#### [DATA BLOCK]

= = = = = = =

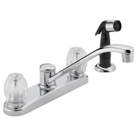 This 2-Handle Side Sprayer Kitchen Faucet in Chrome is an easy and affordable way to update the look of your kitchen. Its simple design complements a variety of design styles. You can buy with confidence, knowing that Peerless backs this faucet with a lifetime limited warranty.
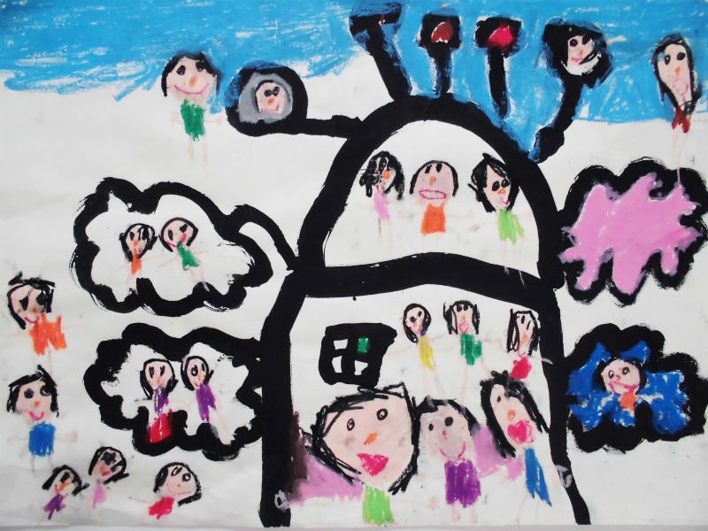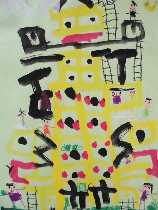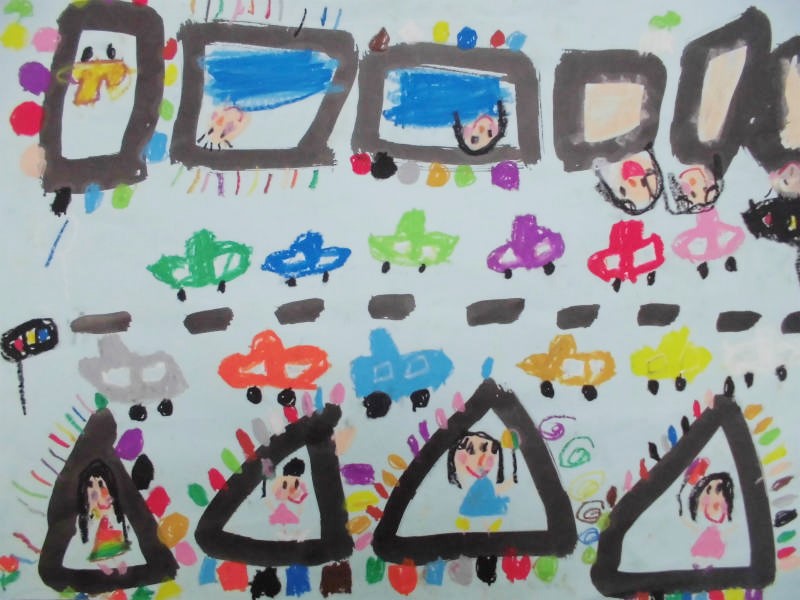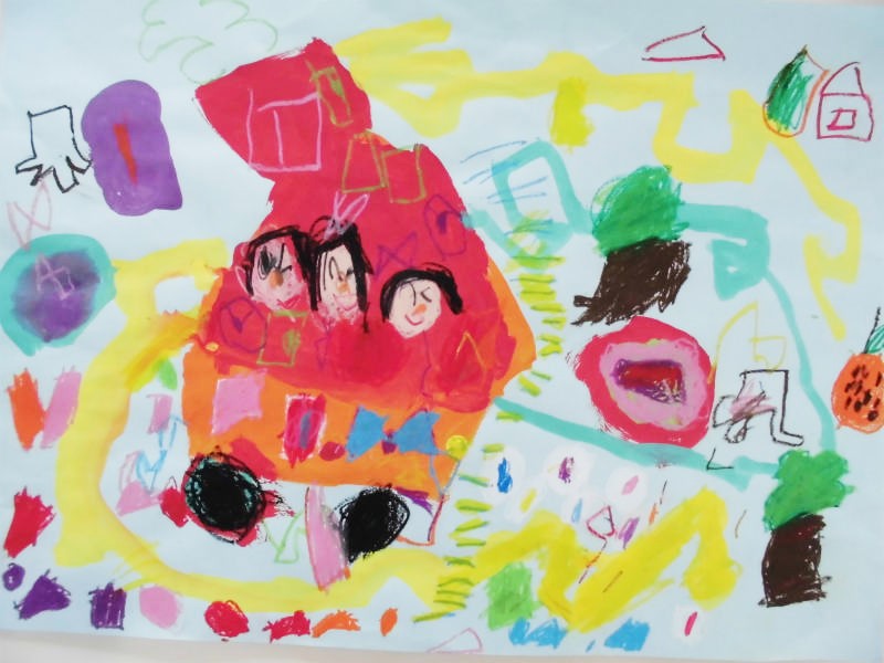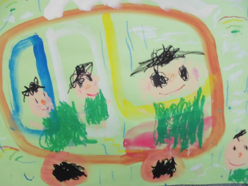 『車の走るおうち』まちの中を走ってるねん。途中、みかんの木があってよろこんでるよ。
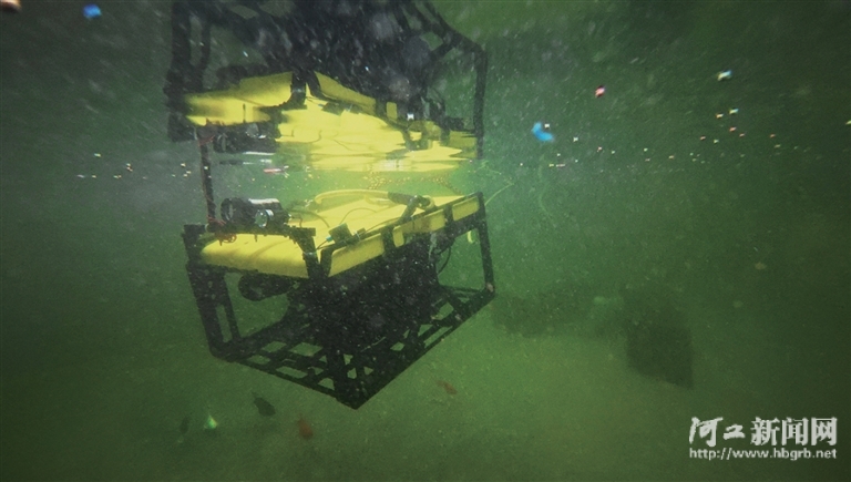 12月10日,水域机器人正在燕山大学实验室测试水池中开展姿态推进控制实验。这款由唐山港集团股份有限公司与燕山大学联合研制的机器人,可深入海面以下120米进行探测,主要应用于船舶吃水线自动读取、码头结构探伤等场景。
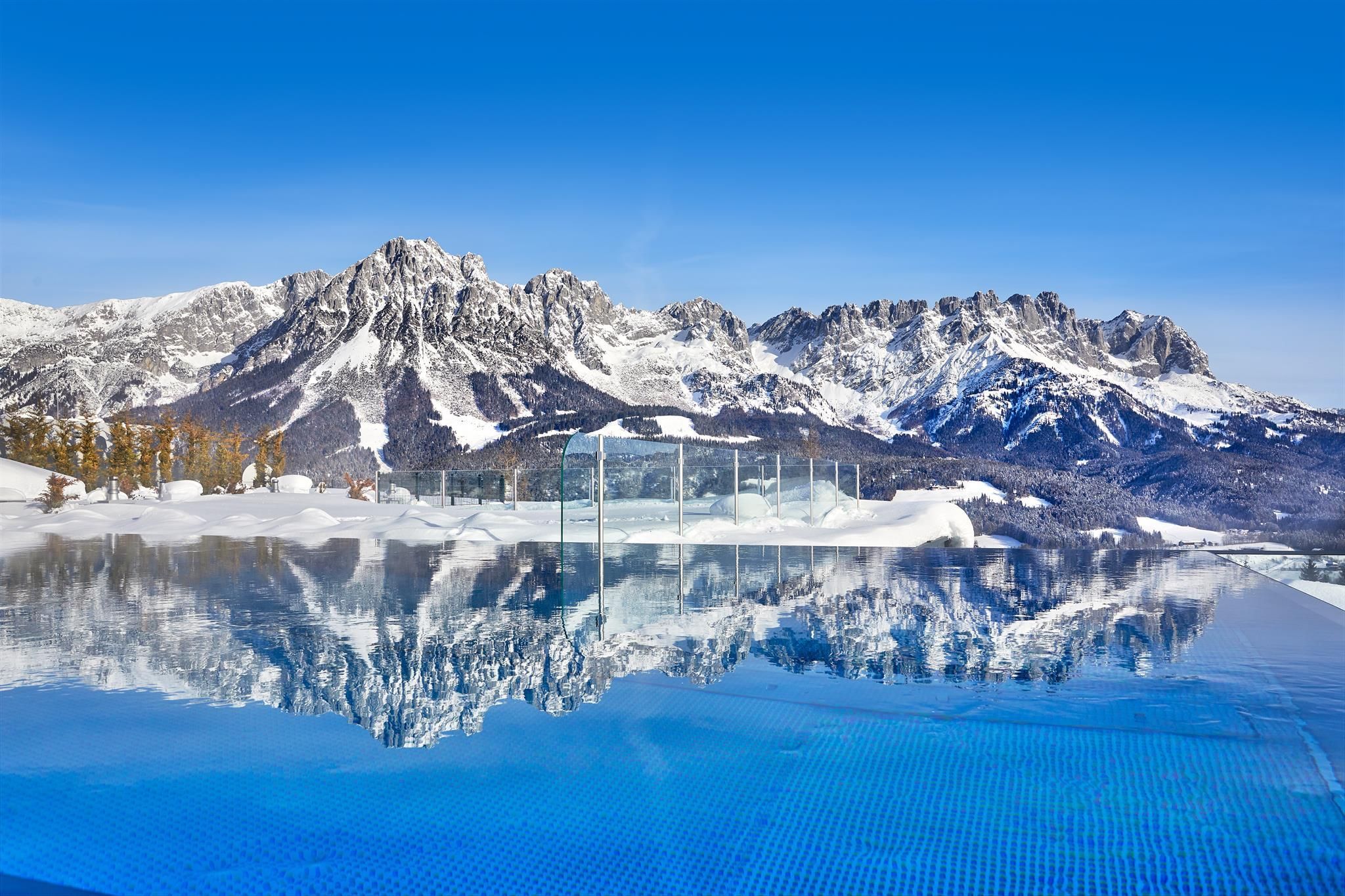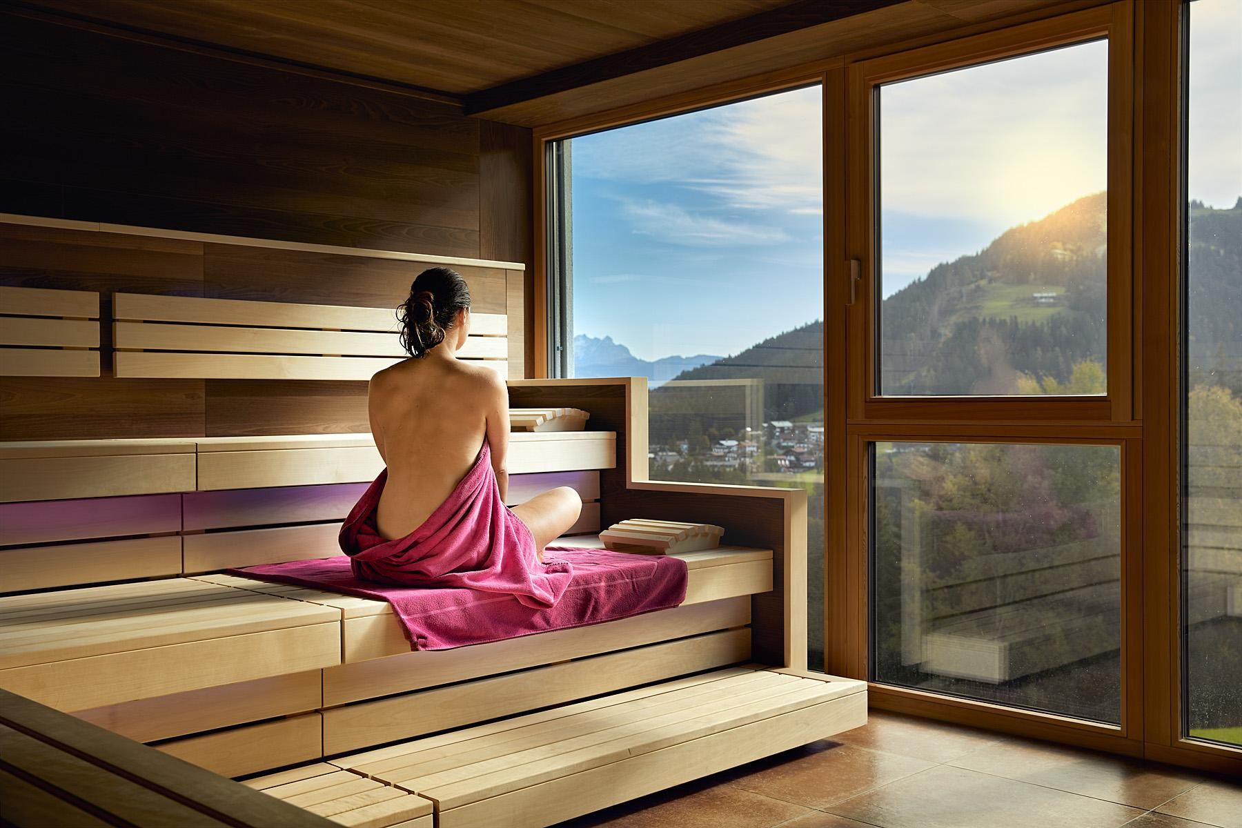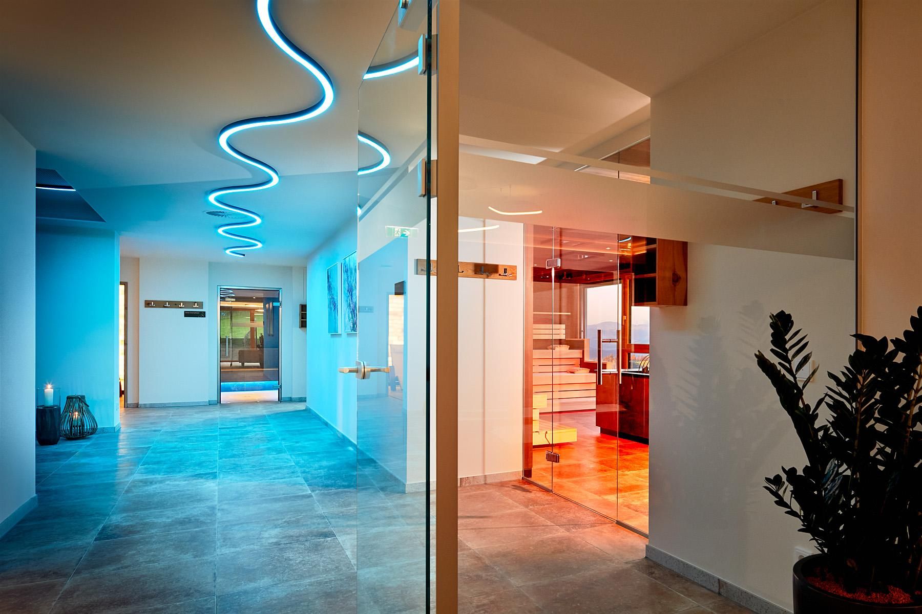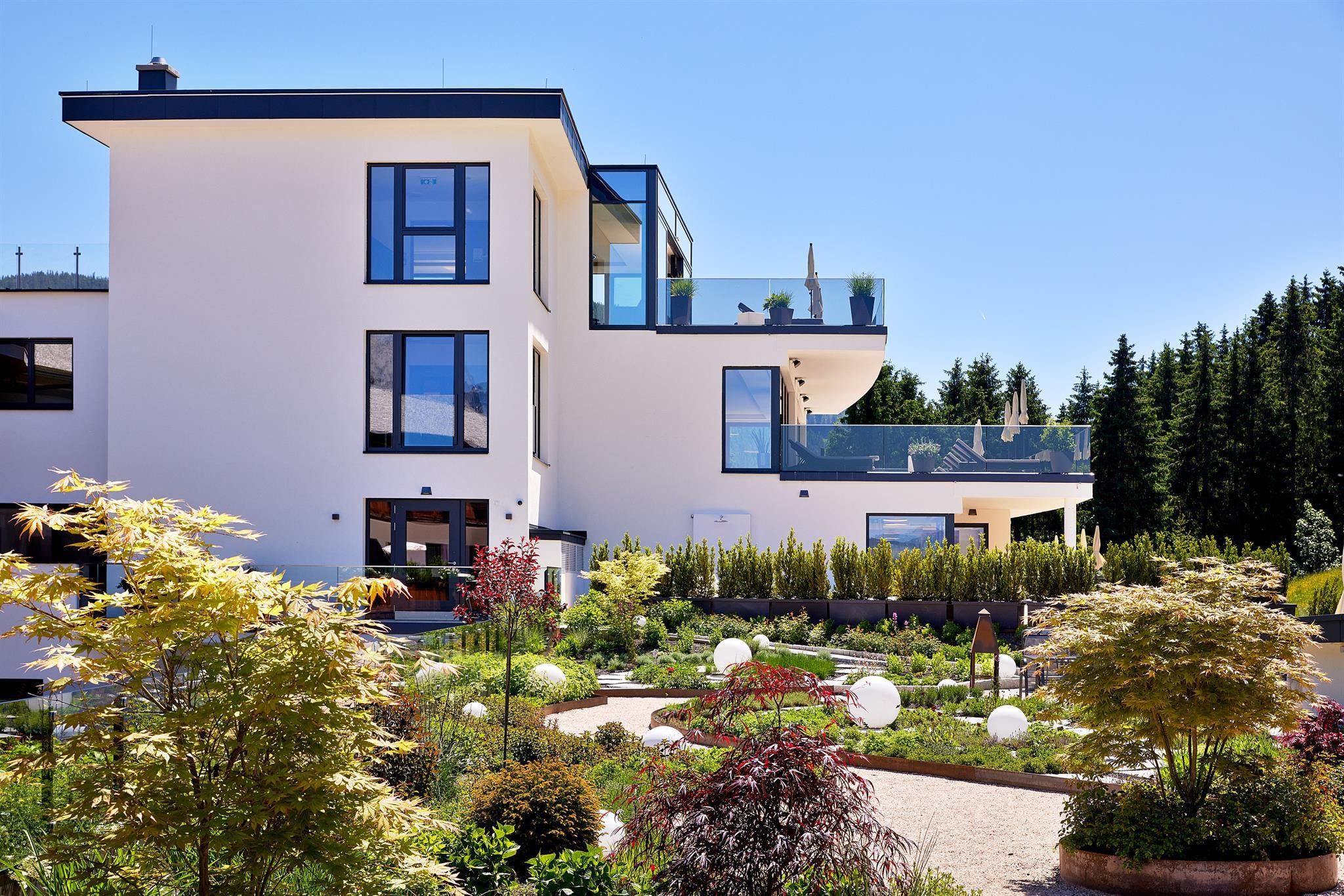 The spacious rooms and suites (40 to 75 m²) with large window surfaces and glass balconies offer a fantastic view. Nature is literally in your own room. Pure Relaxation on 4 levels in the brand-new Adults-Only Spa Tower with all season heated 18-meter-long Unlimited Mountain Pool “rooftop” with a 360-degree view.

= = = = = = =

In your copy of the listing above, reproduce each line exactly and omit all pictures.

#### [ANSWER SPACE]
 This 2-Handle Side Sprayer Kitchen Faucet in Chrome is an easy and affordable way to update the look of your kitchen. Its simple design complements a variety of design styles. You can buy with confidence, knowing that Peerless backs this faucet with a lifetime limited warranty.
 『車の走るおうち』まちの中を走ってるねん。途中、みかんの木があってよろこんでるよ。
 12月10日,水域机器人正在燕山大学实验室测试水池中开展姿态推进控制实验。这款由唐山港集团股份有限公司与燕山大学联合研制的机器人,可深入海面以下120米进行探测,主要应用于船舶吃水线自动读取、码头结构探伤等场景。
 The spacious rooms and suites (40 to 75 m²) with large window surfaces and glass balconies offer a fantastic view. Nature is literally in your own room. Pure Relaxation on 4 levels in the brand-new Adults-Only Spa Tower with all season heated 18-meter-long Unlimited Mountain Pool “rooftop” with a 360-degree view.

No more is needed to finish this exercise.